Room for debate – outstanding questions
The language of the statute in relation to admissibility (and, particularly the bars to it) place a fair amount of emphasis on the delivery of ‘justice’. Are we to infer that ‘justice’ connotes conventional judicial proceedings? Or, can it take account of non-conventional dispute resolution mechanisms, such as amnesties or truth commissions? Would the grant of an amnesty, for example, give rise to the argument that the national authorities have been unwilling to bring the accused to justice? Here in lies the problem with a statute having, potentially, global reach. There is a case for saying that conventional judicial inquiry may not necessarily be the best cure following a violent and divisive civil war, for instance.
The other are of ambiguity is this: can a state simply say, “look, we have jurisdiction but we’d prefer the ICC to deal with it?”. Does this fall with the definition of ‘unwillingness’? Opinion is divided on this one. Some argue that the court must establish that the requirements of article 17(2) are satisfied. The problem is none of the grounds in article 17(2) address the situation where national authorities simply want to hand the situation over to the court. I prefer a different view. The complementarity principle does what it says on the tin. If authorities at the national level seek to delegate their jurisdiction over the matter to the ICC, that is a matter for them. The second point is this: article 17(1) sets out exceptions to the presumption that a case is admissible to the court. The presumption in favour of admissibility can only be offset where one of the grounds under article 17(1)(a)-(d) apply. If the statute is silent as to relinquishment of jurisdiction in this respect, there can be no obstacle to admissibility where a state seeks to do just that.

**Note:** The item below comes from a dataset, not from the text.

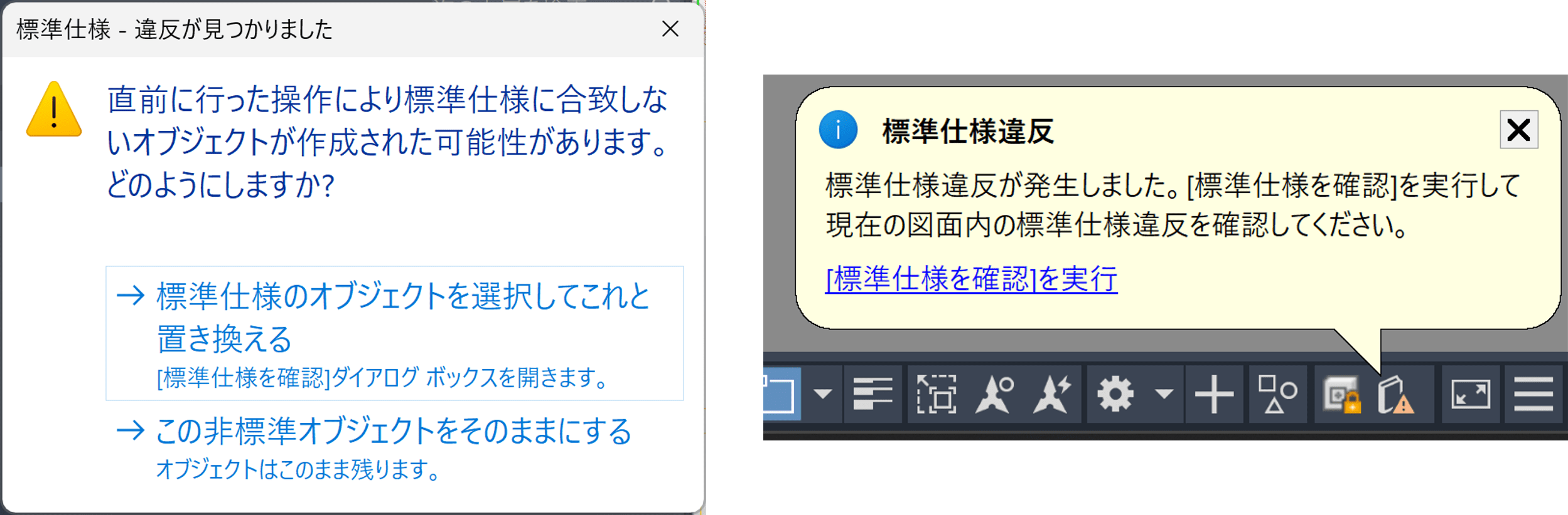 通知が有効になっている場合、監査の実行中や DWS ファイルが関連付けられた図面を開いた際に、違反が検出されると、警告メッセージまたはステータス バー バルーンが表示されます。
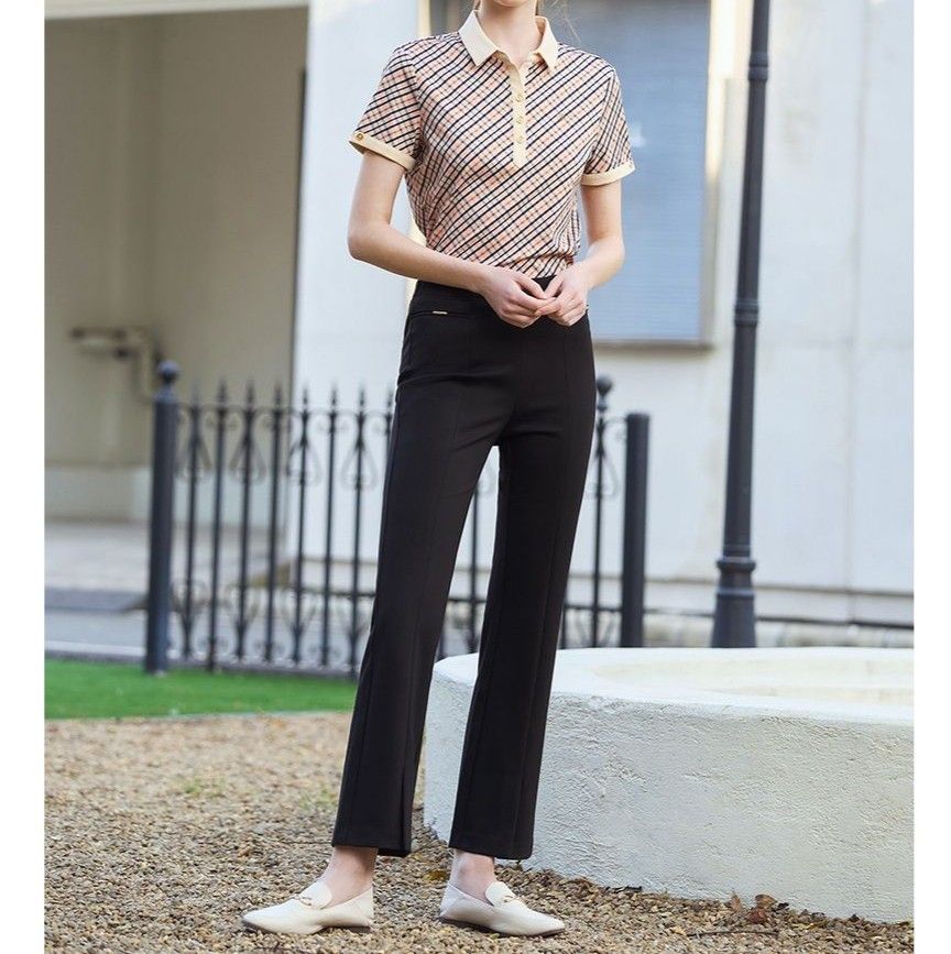 ポロシャツ レディースの定番デザインに格子柄をあしらった半袖ポロシャツです。

So far I have covered two related but distinct aspects of the functioning of the ICC. The court must first have a clear basis of jurisdiction. The court will be free to exercise that juridiction so long as there are no obstacles to admissibility. Once these two boxes are ticked, the ICC will almost be ready to wade in. The last ingredient is the for the initiation of proceedings to be triggered – which I will cover in a separate post in a few days.